(RECORDS FOR THE EXERCISE begins)
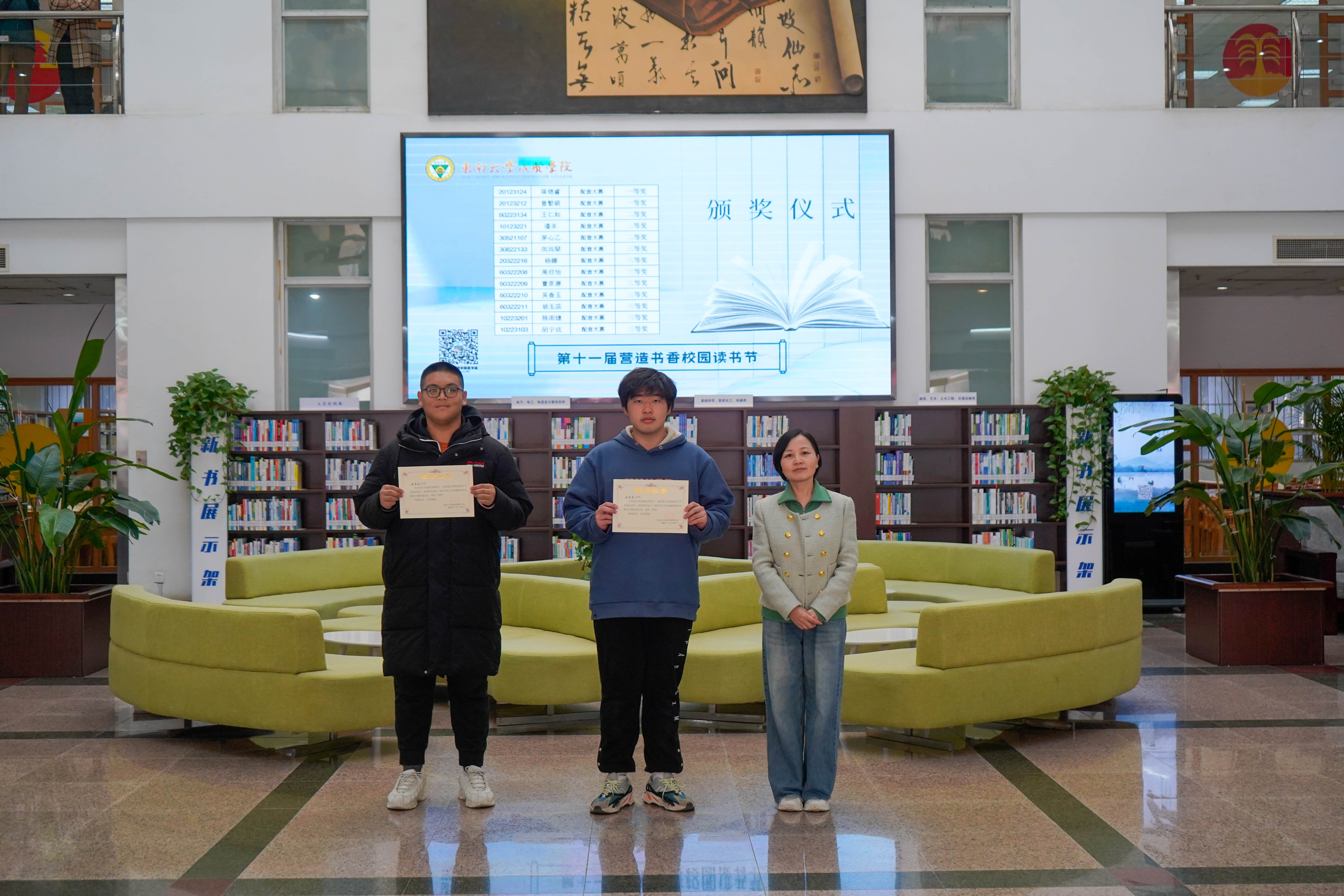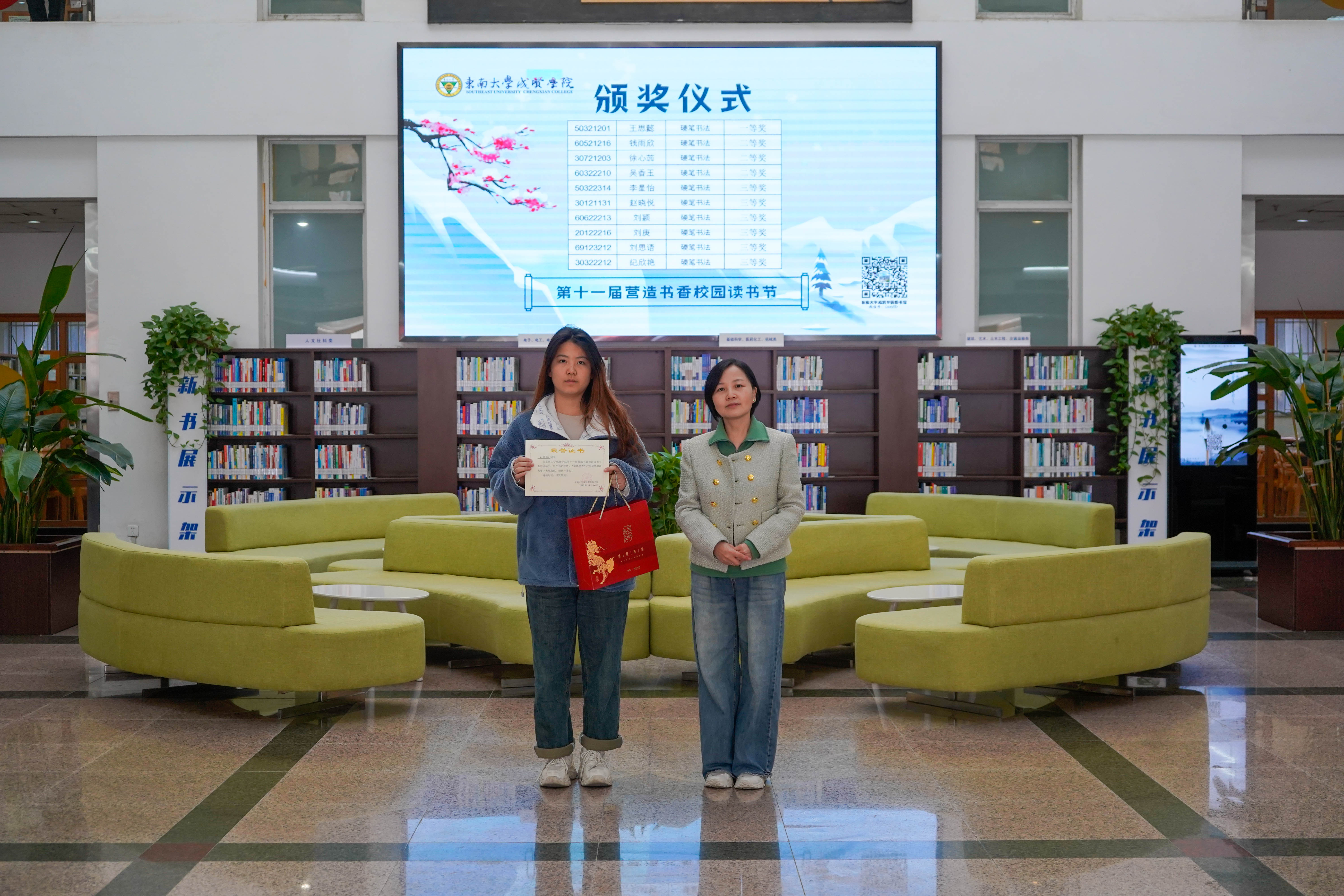 冬日清风拂面,书香满溢校园。12月8日中午,beat365在线唯一官网登录第十一届“营造书香校园”读书节系列活动颁奖仪式在图书馆一楼大厅顺利举行,beat365在线唯一官网登录副院长戴玉蓉、图书馆馆长封晓倩为获奖读者颁奖。
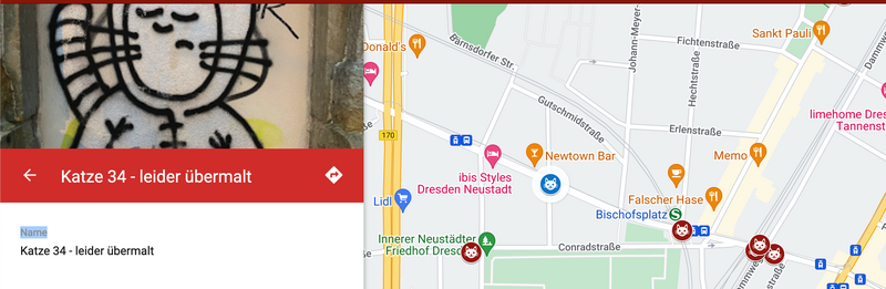 Nun ist auch eine meiner Lieblings-ACHSO-Katzen einfach ausgelöscht wurden. An ein Hauswand auf der Fritz-Reuter-Straße war unter einem Fenster eine sehr schöne ACHSO-Katze gesprüht. Ich bin diese Strecke oft gefahren und habe mich auch abends und nachts an der Katze erfreut, weil sie so schön geleuchtet hat. Außerdem war sie noch das Lumpel unter den ACHSO-Katzen, weil oft unter ihr Sachen zur kostenlosen Mitnahme standen. Nun ist sie einfach weg - übermalt. Schade.
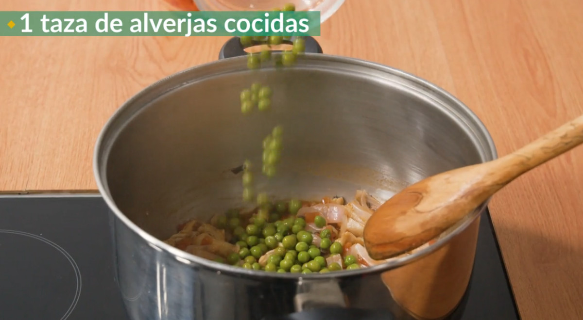 - Agregar la zanahoria, las alverjas y el caldo de mondongo. Mezclar.
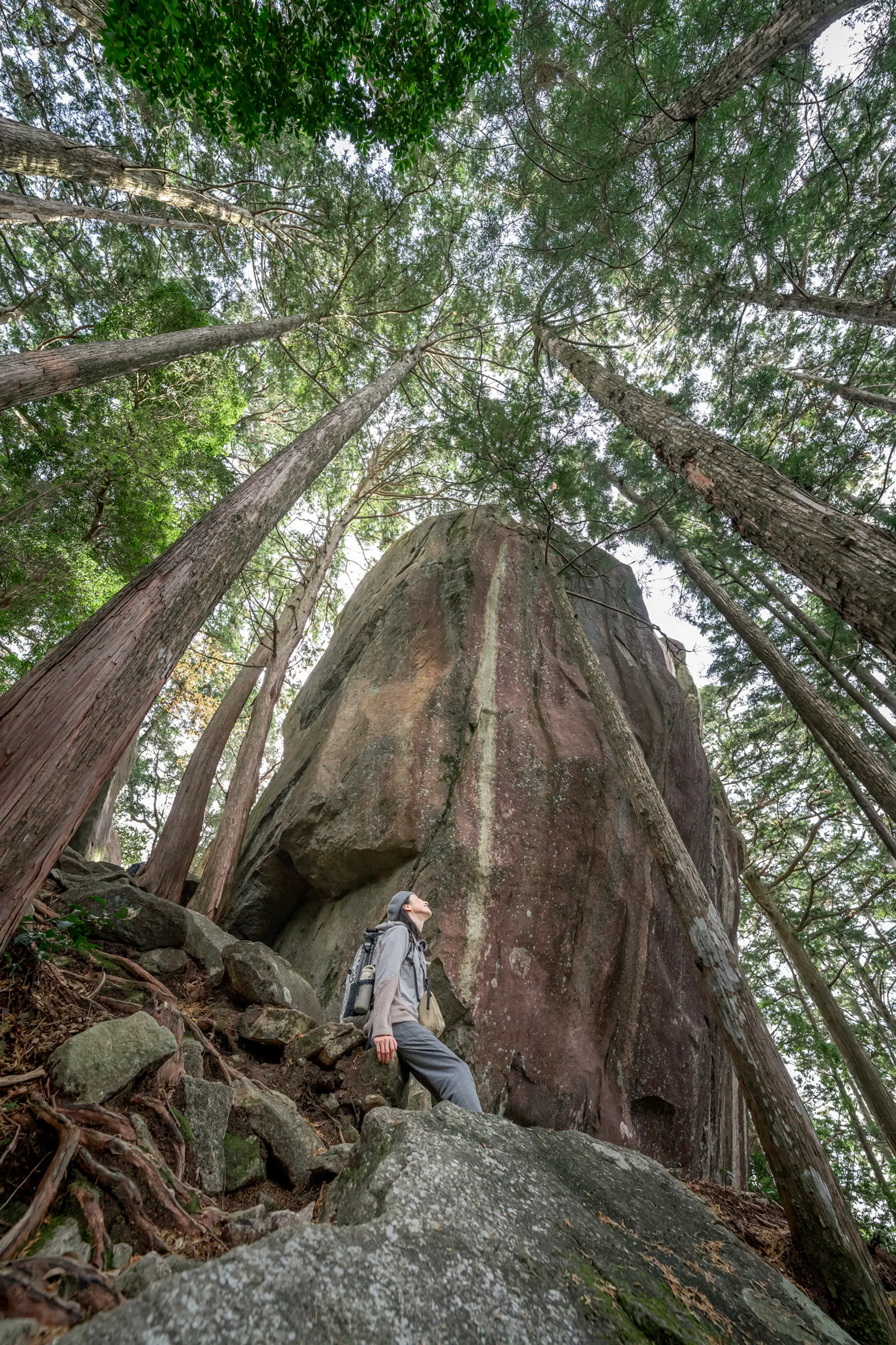 階段が続く険しい山道を、ひたすら登った先に見えてくるのは……超・巨大な「天狗岩」!
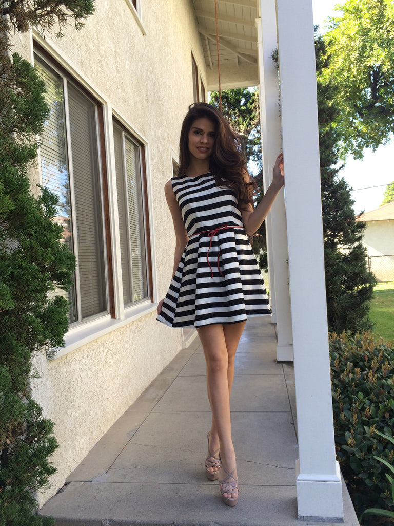 A white dress with black horizontal stripes and a cute red stringed belt.
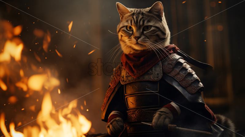 A samurai cat against the background of flames
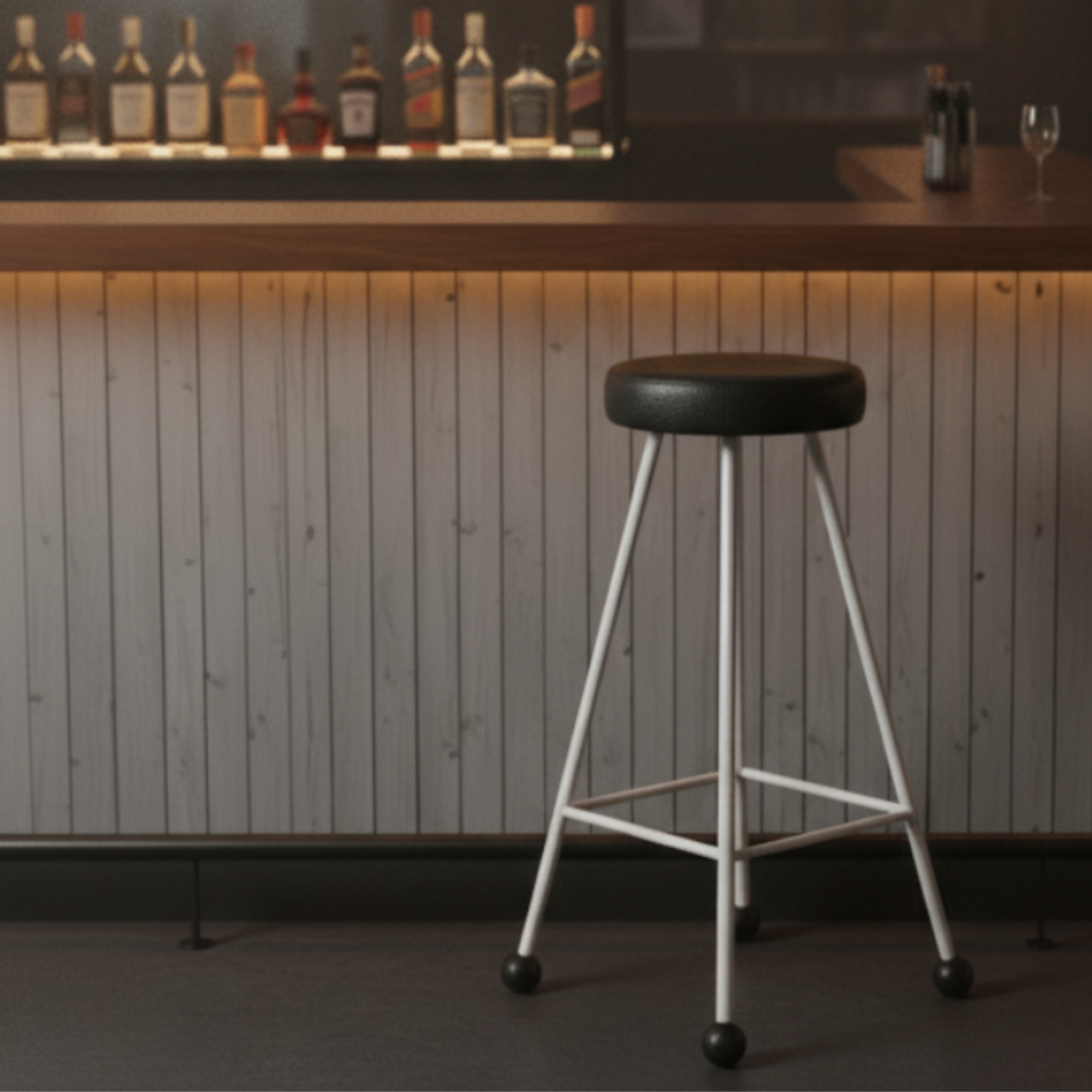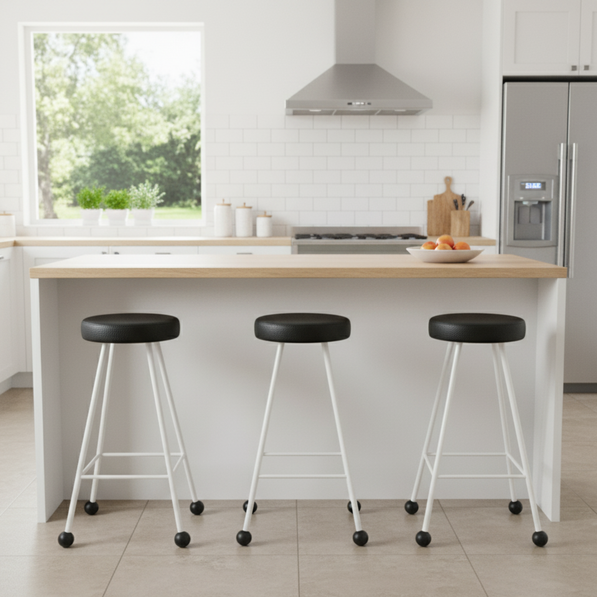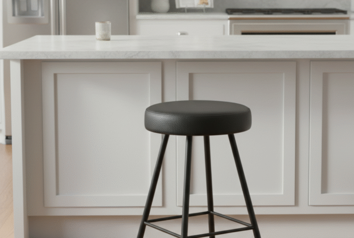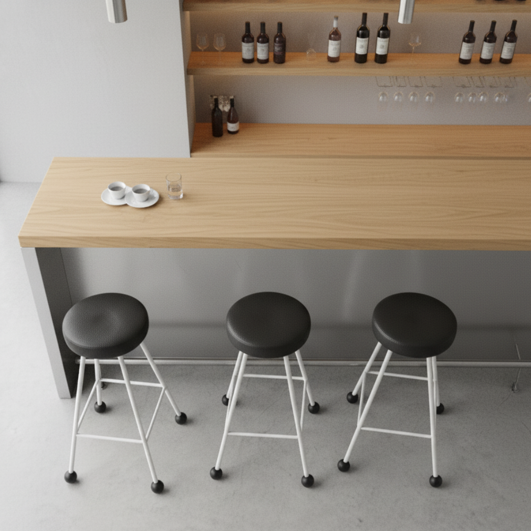 Bar Taburesi Deri Döşemeli Siyah Beyaz Metal Ayaklı – 75cm
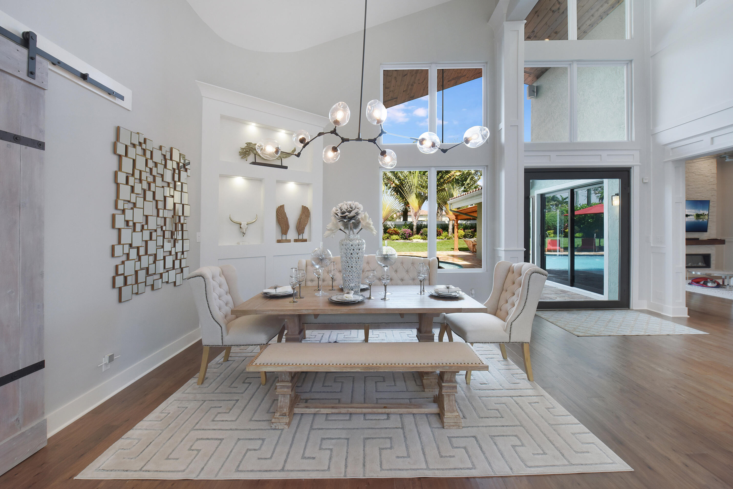 COMPLETELY RENOVATED NO EXPENSE SPARED! ENTERTAINERS AND FAMILY DREAM HOME located in the highly sought-after Colonnade community. Beautiful, engineered hardwoods throughout. Huge great room with 18ft ceilings. Brand-new kitchen cabinets, appliances, Cambria Quartz on the huge 10ft island. Huge master suite looks out to the backyard, luxurious, Carrara Marble Master Bathroom with freestanding tub and spa shower. Home has all new windows, new Impact doors and sliders. Impact garage door. Recessed LED lights throughout. Video camera security system. Pergola has restaurant style misting kit around the exterior Also has a 16ft motorized screen on the west side of the pergola to keep out the afternoon sun. There's a park inside the community that offers tennis, basketball & playground.
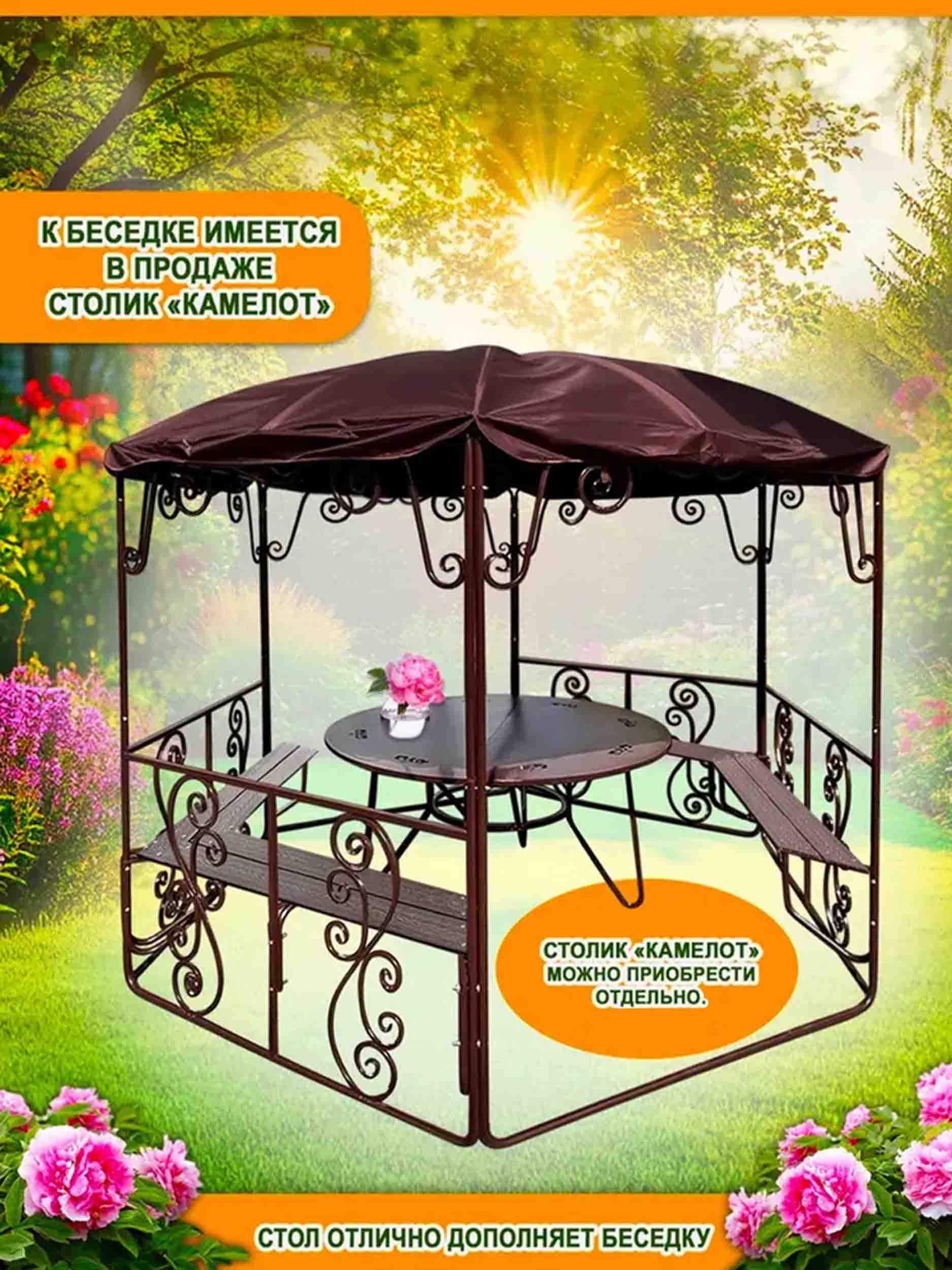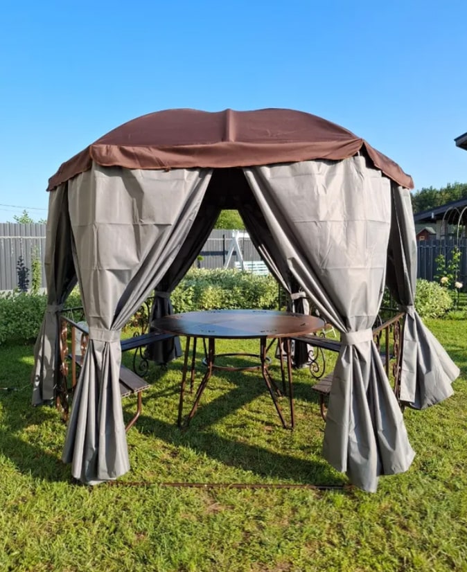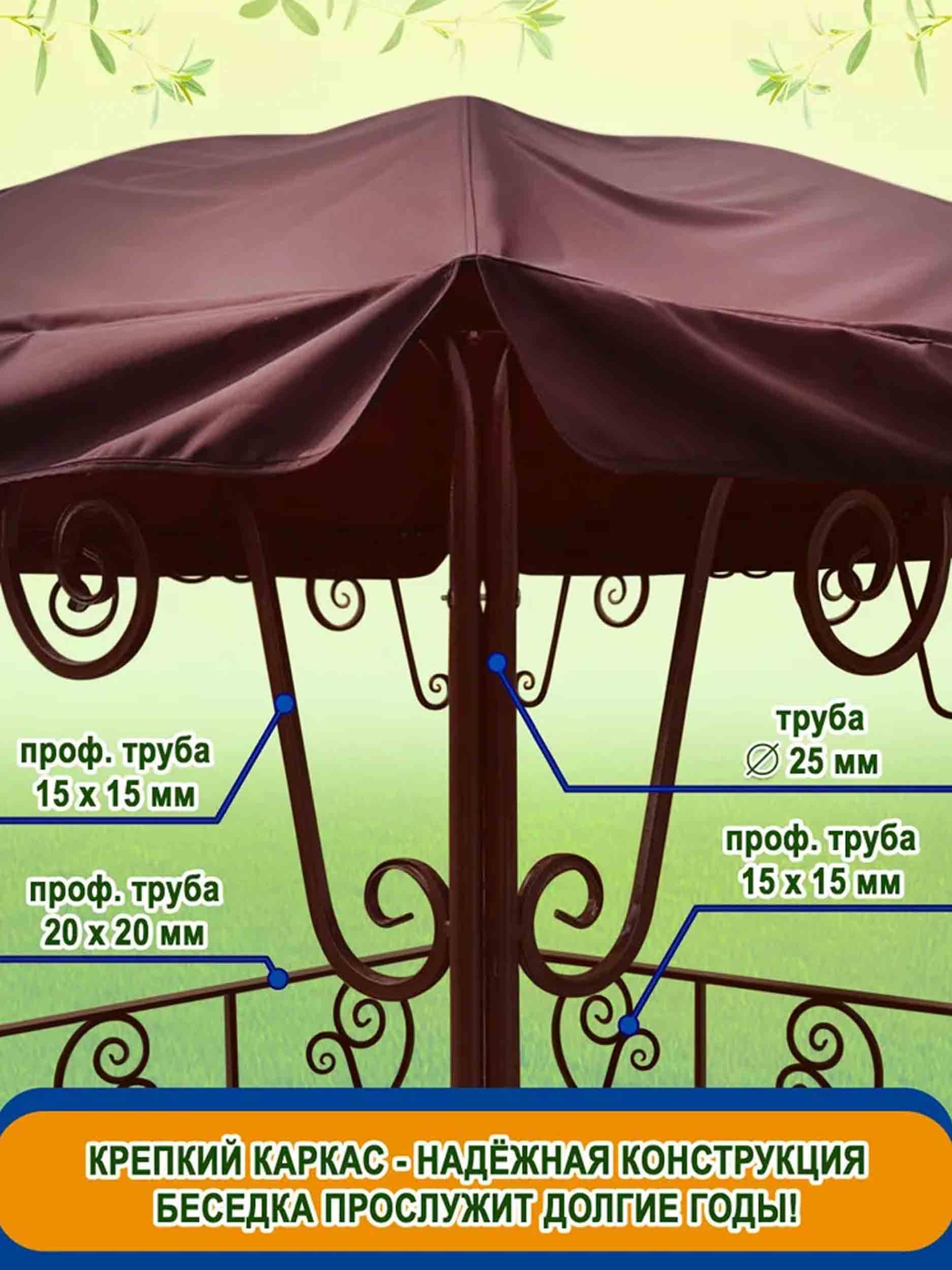 Эта беседка изготовлена из металла, что обеспечивает долговечность изделия. Позволит Вам комфортно разместиться внутри и наслаждаться природой вокруг!
(RECORDS FOR THE EXERCISE ends)
(YOUR INSTRUCTIONS)
Reproduce the listing exactly. Leave its pictures out.

(RESULT BELOW)
 冬日清风拂面,书香满溢校园。12月8日中午,beat365在线唯一官网登录第十一届“营造书香校园”读书节系列活动颁奖仪式在图书馆一楼大厅顺利举行,beat365在线唯一官网登录副院长戴玉蓉、图书馆馆长封晓倩为获奖读者颁奖。
 Nun ist auch eine meiner Lieblings-ACHSO-Katzen einfach ausgelöscht wurden. An ein Hauswand auf der Fritz-Reuter-Straße war unter einem Fenster eine sehr schöne ACHSO-Katze gesprüht. Ich bin diese Strecke oft gefahren und habe mich auch abends und nachts an der Katze erfreut, weil sie so schön geleuchtet hat. Außerdem war sie noch das Lumpel unter den ACHSO-Katzen, weil oft unter ihr Sachen zur kostenlosen Mitnahme standen. Nun ist sie einfach weg - übermalt. Schade.
 - Agregar la zanahoria, las alverjas y el caldo de mondongo. Mezclar.
 階段が続く険しい山道を、ひたすら登った先に見えてくるのは……超・巨大な「天狗岩」!
 A white dress with black horizontal stripes and a cute red stringed belt.
 A samurai cat against the background of flames
 Bar Taburesi Deri Döşemeli Siyah Beyaz Metal Ayaklı – 75cm
 COMPLETELY RENOVATED NO EXPENSE SPARED! ENTERTAINERS AND FAMILY DREAM HOME located in the highly sought-after Colonnade community. Beautiful, engineered hardwoods throughout. Huge great room with 18ft ceilings. Brand-new kitchen cabinets, appliances, Cambria Quartz on the huge 10ft island. Huge master suite looks out to the backyard, luxurious, Carrara Marble Master Bathroom with freestanding tub and spa shower. Home has all new windows, new Impact doors and sliders. Impact garage door. Recessed LED lights throughout. Video camera security system. Pergola has restaurant style misting kit around the exterior Also has a 16ft motorized screen on the west side of the pergola to keep out the afternoon sun. There's a park inside the community that offers tennis, basketball & playground.
 Эта беседка изготовлена из металла, что обеспечивает долговечность изделия. Позволит Вам комфортно разместиться внутри и наслаждаться природой вокруг!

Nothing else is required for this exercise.